Identifying Suspicious URLs: An Application of Large-Scale Online Learning
Google Tech Talk May 5, 2010 ABSTRACT Presented by Justin Ma. We explore online learning approaches for detecting malicious Web sites (those involved in criminal scams) using lexical and host-based features of the associated URLs. We show that this application is particularly appropriate for online algorithms as the size of the training data is larger than can be efficiently processed in batch and because the distribution of features that typify malicious URLs is changing continuously. Using a real-time system we developed for gathering URL features, combined with a real-time source of labeled URLs from a large Web mail provider, we demonstrate that recently-developed online algorithms can be as accurate as batch techniques, achieving daily classification accuracies up to 99% over a balanced data set. Slides: cseweb.ucsd.edu Justin Ma is a PhD candidate at UC San Diego advised by Stefan Savage, Geoff Voelker and Lawrence Saul. His research interests are in systems and networking with an emphasis on network security, and his current focus is the application of machine learning to problems in security. He will be joining UC Berkeley as a postdoc after graduation. [Home page: www.cs.ucsd.edu ]
Recent Entries
- how do i buy domain names to sell?
- Want a Good domain and hosting provider?
- where is the best place to buy domain names ?
- How to get free domain and hosting?
- How hosting providers are selling us services?
- I am looking a best FREE domain hosting provider?
- SEO Help Videos – Get To #1 On Google
- Starting and Building an Online Business
- Monthly Web Hosting
- Great Newspaper Advertising














May 15th, 2010 at 7:40 am
I find his usage of the word “feature” confusing.
May 15th, 2010 at 11:49 am
8:18 Is this the top of some girl’s head?
May 16th, 2010 at 6:43 am
@arex1338 It is machine-learning jargon.

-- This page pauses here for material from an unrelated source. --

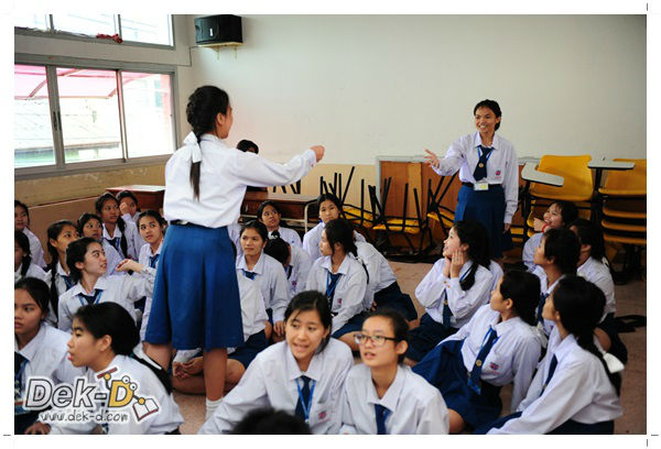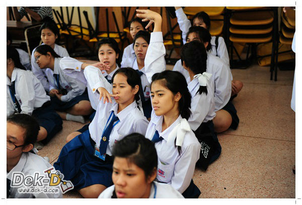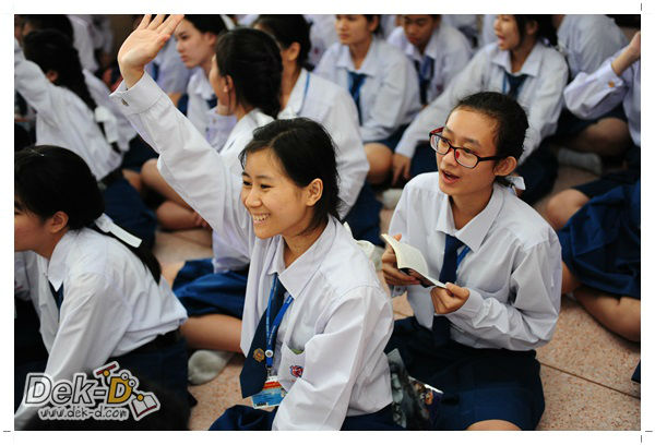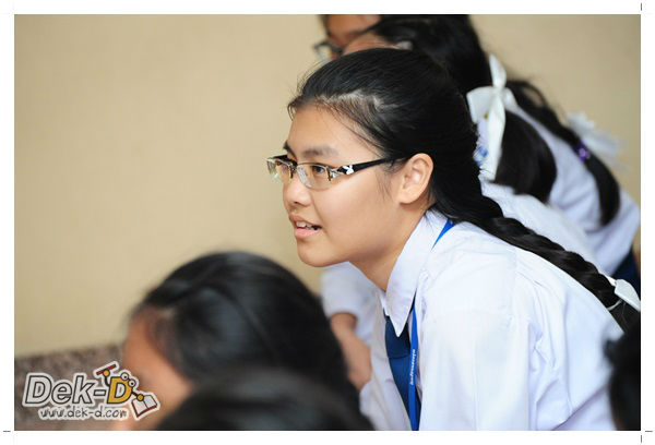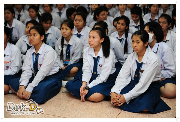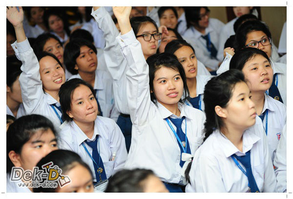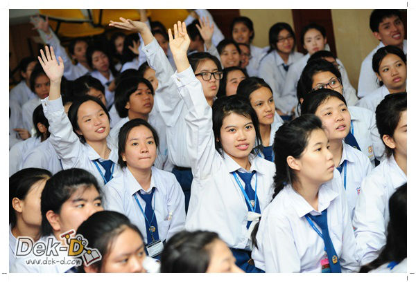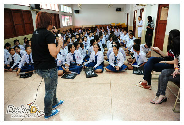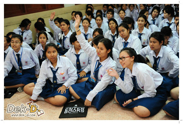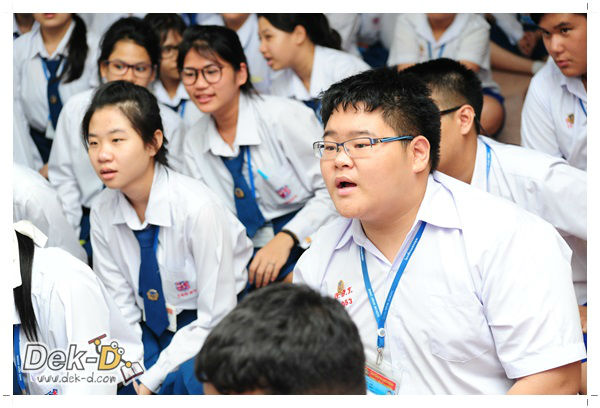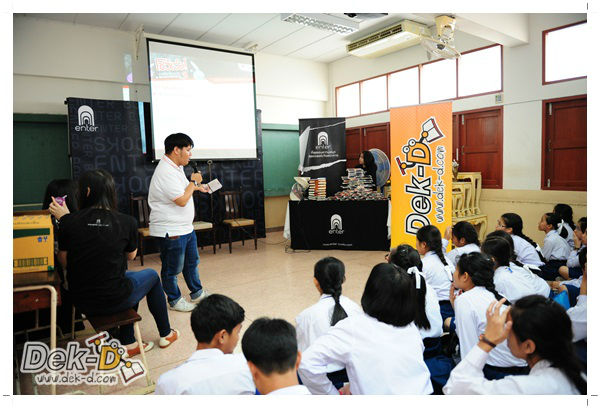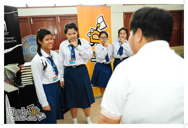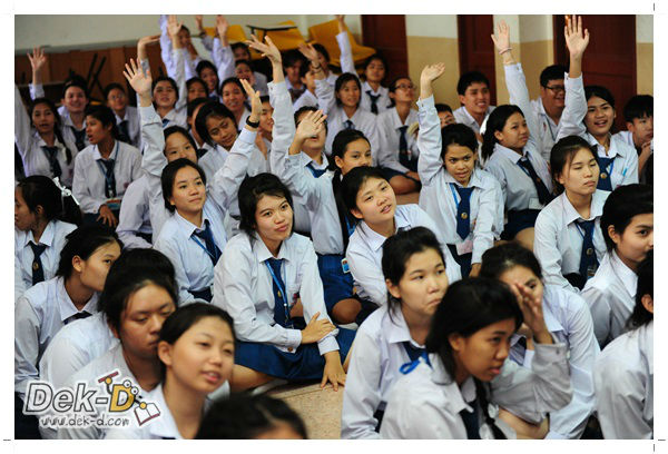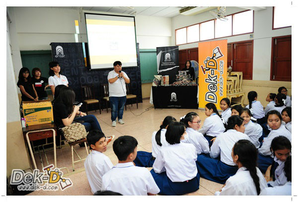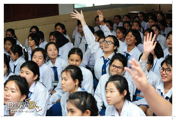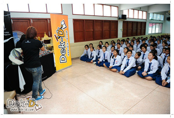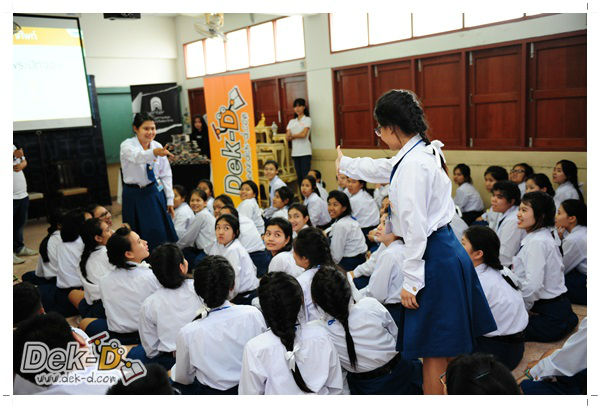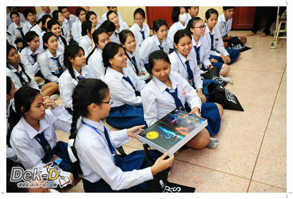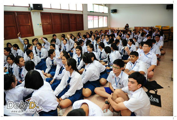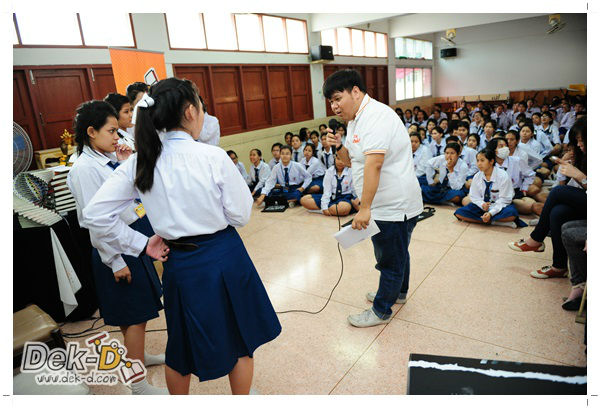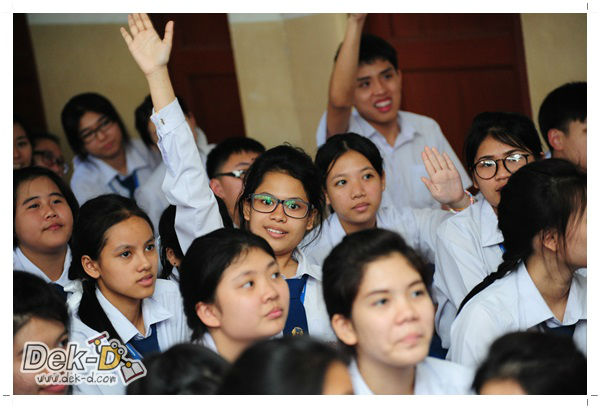 เราใช้เวลาเดินทางกันไม่นานจากออฟฟิซ Dek-D เพราะอยู่ใกล้ๆ กัน บรรยากาศของโรงเรียนดูร่มรื่น น่าเรียน น้องๆ ที่เข้าฟังเป็นน้องๆ จากชั้นม.ปลาย เกือบร้อยชีวิต ที่เป็นผู้ได้รับการคัดสรรให้มาร่วมงาน (และลุ้นรับของรางวัล) กันในวันนี้ พูดเลยว่างานนี้สนุกมากจริงๆ

So, it was used appropriately for the audience.
May 16th, 2010 at 6:45 am
This is a great video. Also, very nice refresher on ML algorithms. I’ve bookmarked it as a reference for some of those ML formulas.
May 16th, 2010 at 9:58 pm
gah, what’s that high pitched hiss when he talks
May 17th, 2010 at 1:32 pm
They can also hide their domain completely using feedproxy.google , thank you very much for that spam domain anon service google
May 17th, 2010 at 3:42 pm
Justin, a few less “Ummmm…” would be nice.
May 18th, 2010 at 8:21 pm
many really good algorithms mentioned in this video. Great work anyway
May 28th, 2010 at 7:50 pm
very intersting research, congratulations!
June 16th, 2010 at 4:05 pm
Google, one of the worlds largest companies, unable to produce decent audio!?